Source data: Begin
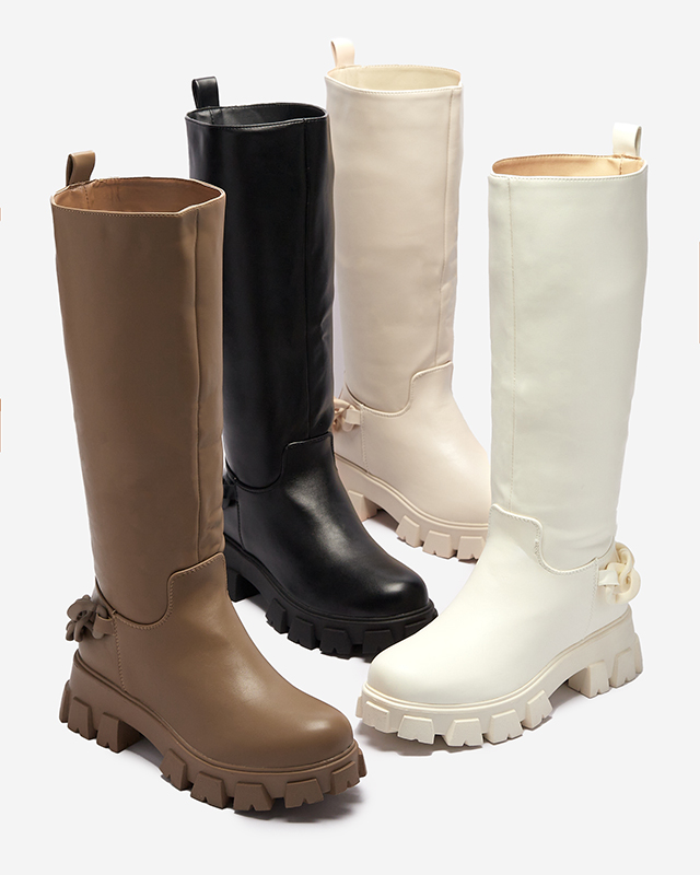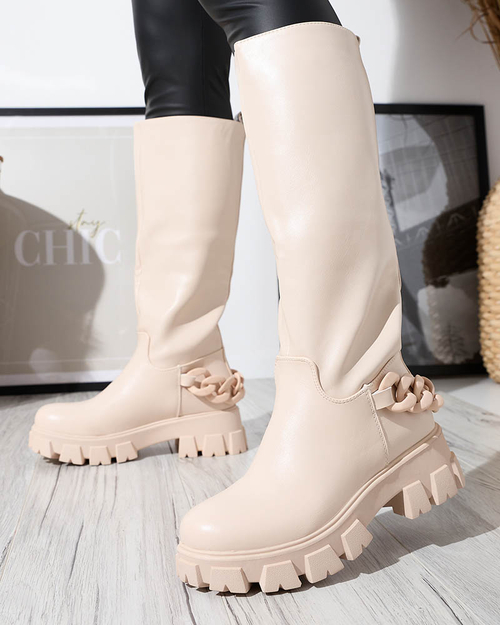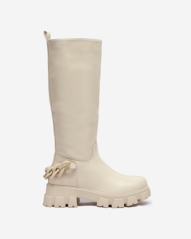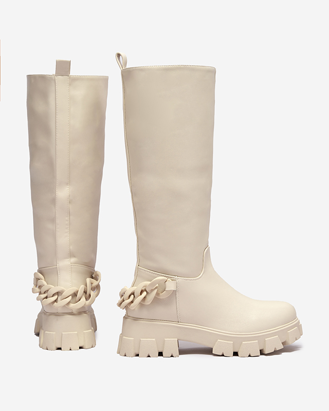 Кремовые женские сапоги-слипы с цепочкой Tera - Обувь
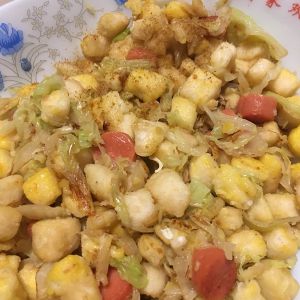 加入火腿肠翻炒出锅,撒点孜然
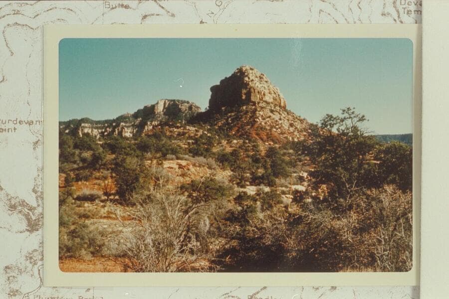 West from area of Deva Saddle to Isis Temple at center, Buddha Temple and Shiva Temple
Source data: End
:: What the task requires ::
What you return should be all of the material above, exactly, and none of its pictures.

:: Response below ::
 Кремовые женские сапоги-слипы с цепочкой Tera - Обувь
 加入火腿肠翻炒出锅,撒点孜然
 West from area of Deva Saddle to Isis Temple at center, Buddha Temple and Shiva Temple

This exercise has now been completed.